### [Task to carry out]
Verbatim output of the lines below is required, with the images omitted.

### [Dataset extract]
● ● ● ● ●

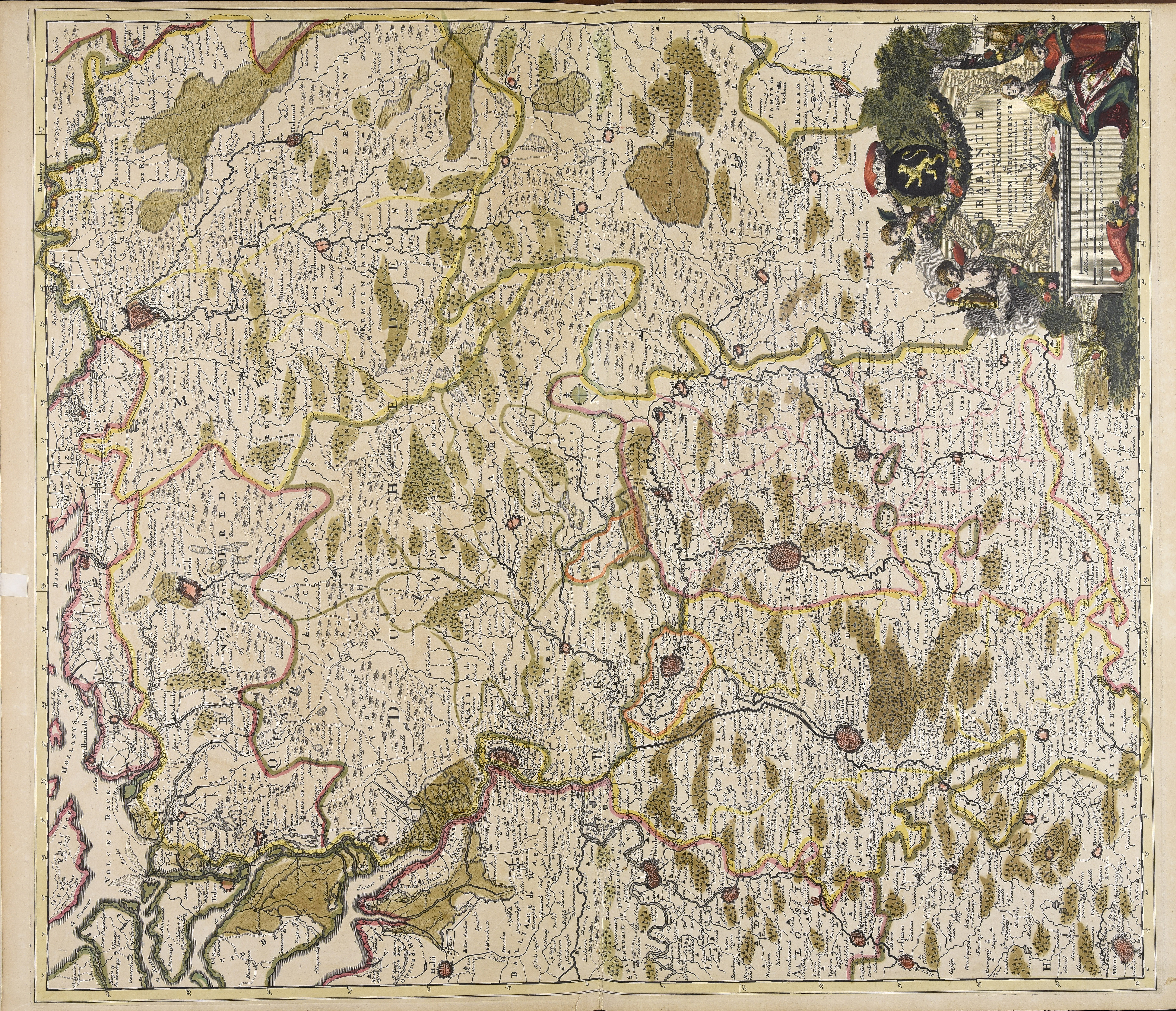 Calcografia; 575x505 mm; scala 1:228.000; pubblicata probabilmente nel 1696; (Cfr. Peter van der Krogt, Koeman's atlantes neerlandici, 't Goy-Houten, HES, 1997, vol. 5, in corso di pubblicazione)
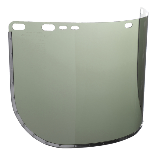 Jackson Safetyᆴ Model F30 Light Green Aluminum Bound Faceshield with a lens size of 9″ X 15 1/2″ X 0.04″ is made of acetate and helps in providing protection against dust, small particles and chemical splash. High-grade cast sheet acetate faceshield is best suited for use with the Jackson Safetyᆴ 170-SB headgear and for scratch resistance and premium optics. It assures 99.9% UV protection and also protection from top, bottom and sides. Faceshield needs primary eye protection and meets ANSI Z87.1 standards.
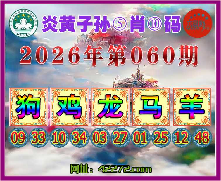 060期:《炎黄子孙》 ⑤肖⑩码【狗鸡龙马羊】开:狗09准
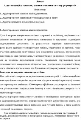 Обложка для материала Лекція. Аудит операцій з коштами, іншими активами та стану розрахунків.

● ● ● ● ●

### [Answer for this exercise]
 Calcografia; 575x505 mm; scala 1:228.000; pubblicata probabilmente nel 1696; (Cfr. Peter van der Krogt, Koeman's atlantes neerlandici, 't Goy-Houten, HES, 1997, vol. 5, in corso di pubblicazione)
 Jackson Safetyᆴ Model F30 Light Green Aluminum Bound Faceshield with a lens size of 9″ X 15 1/2″ X 0.04″ is made of acetate and helps in providing protection against dust, small particles and chemical splash. High-grade cast sheet acetate faceshield is best suited for use with the Jackson Safetyᆴ 170-SB headgear and for scratch resistance and premium optics. It assures 99.9% UV protection and also protection from top, bottom and sides. Faceshield needs primary eye protection and meets ANSI Z87.1 standards.
 060期:《炎黄子孙》 ⑤肖⑩码【狗鸡龙马羊】开:狗09准
 Обложка для материала Лекція. Аудит операцій з коштами, іншими активами та стану розрахунків.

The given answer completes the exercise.